On the night of 20–21 August 1968, military forces from several Warsaw Pact member states (Albania, Romania and East Germany did not participate) invaded Czechoslovakia. Soviet media cited a call for help from unnamed representatives as the cause of the "fraternal intervention", publishing an unidentified appeal as proof on 22 August, 1968; However, as it became clear from the first day that virtually the entire responsible leadership of the Czechoslovakian government and communist parties, including Dubček, were being blamed as causes of the invasion, and even the Soviet-supported leadership fell into accusations against each other, even most allied communist parties around the world rejected the Soviet pretext as a thin disguise for gross violation of national party autonomy. Even President Svoboda had publicly issued a statement calling on occupying forces to withdraw and reforms to continue, while Czechoslovakia's UN representative was calling for international support against the invasion.

The Soviets were only partly responsible for this confusion.  Following closely with the long telephone conversation between Bil’ak and Brezhnev on 10 August, two of Bil’ak's most important allies, met with the Soviet ambassador to Czechoslovakia on 14-15 August. Alois Indra, who along with Drahomir Kolder had been in direct contact with the Soviet Politburo, was accompanied by another KSC hard-liner, Oldrich Pavlovsky, in their meeting with ambassador Stepan Chernovenko. They gave assurances that as soon as Soviet "troops move into action on the night of 20 August," the "healthy forces" in the KSC would proceed with their "plan of action" to oust Dubček and set up a "provisional revolutionary government of workers and peasants." Indra said he could "guarantee" that a majority of the KSC Presidium, the KSC Central Committee, the National Assembly, and the Czechoslovak government would formally align themselves with the "healthy forces." He promised six of the eleven members of the KSC Presidium and 50 additional members of the KSC Central Committee as supporters. 

While the Soviet Politburo received many such appeals, misleading them into confidence the viability of a hard-liner government in waiting, the KGB had also buried reports that the US and the Federal Republic of Germany were not behind the Prague Spring. KBG Station Chief in Washington DC, Oleg Kalugin, only discovered years later that the KGB leadership had ordered his reports destroyed and not shown to anyone after he gave a more balanced assessment. Meanwhile, KGB reports to the Soviet leadership went to lengths to support the official narrative and the claims of anti-reform hard-liners by blaming every negative incident in Czechoslovakia on the Prague Spring, including in some cases traffic accidents, fires, and burglaries. The KGB even manufactured evidence, directing agents to plant cashes of American-made weapons near the German border in order to be discovered, and they instructed agents to hang posters calling for the overthrow of communism. This was to prove a western-sponsored network was active in Dubček's reforms as part of an imminent insurrection or coup. 

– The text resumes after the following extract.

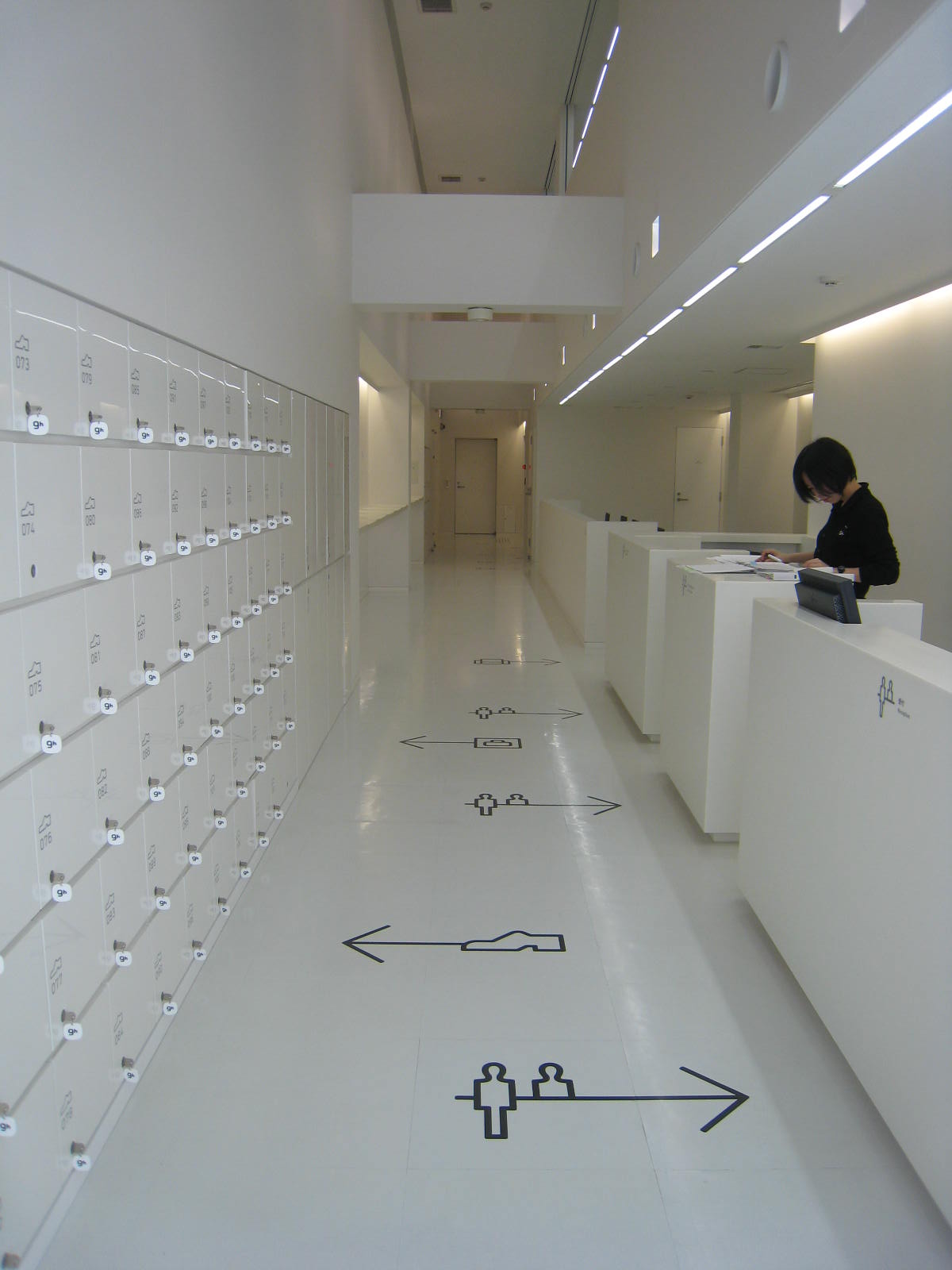 エントランスを入ると明るく開放感のあるレセプションとロッカー。随所にサインがあり、何をするところなのか分かるようになっています。

The KGB had many reasons for its actions, but most important may have been its institutional bias. The Pillar Commission set up to investigate the show trials of the 1950s recommended the disbandment of the secret police, and Czechoslovakian security services had already ceased most cooperation with the KGB, having a major impact on the KGBs operational effectiveness and influence. Some suggest further that they may have feared eventual reprisals against their most active and loyal agents within the StB and Interior Ministry. This motive is partly supported by the guarantees against reprisals against pro-Soviet Czechoslovakians in the Moscow Protocols. Only a few in the Kremlin voiced skepticism, such as Gennadii Voronov, who asked,  “Whom was it really so necessary for us to defend, and from whom?”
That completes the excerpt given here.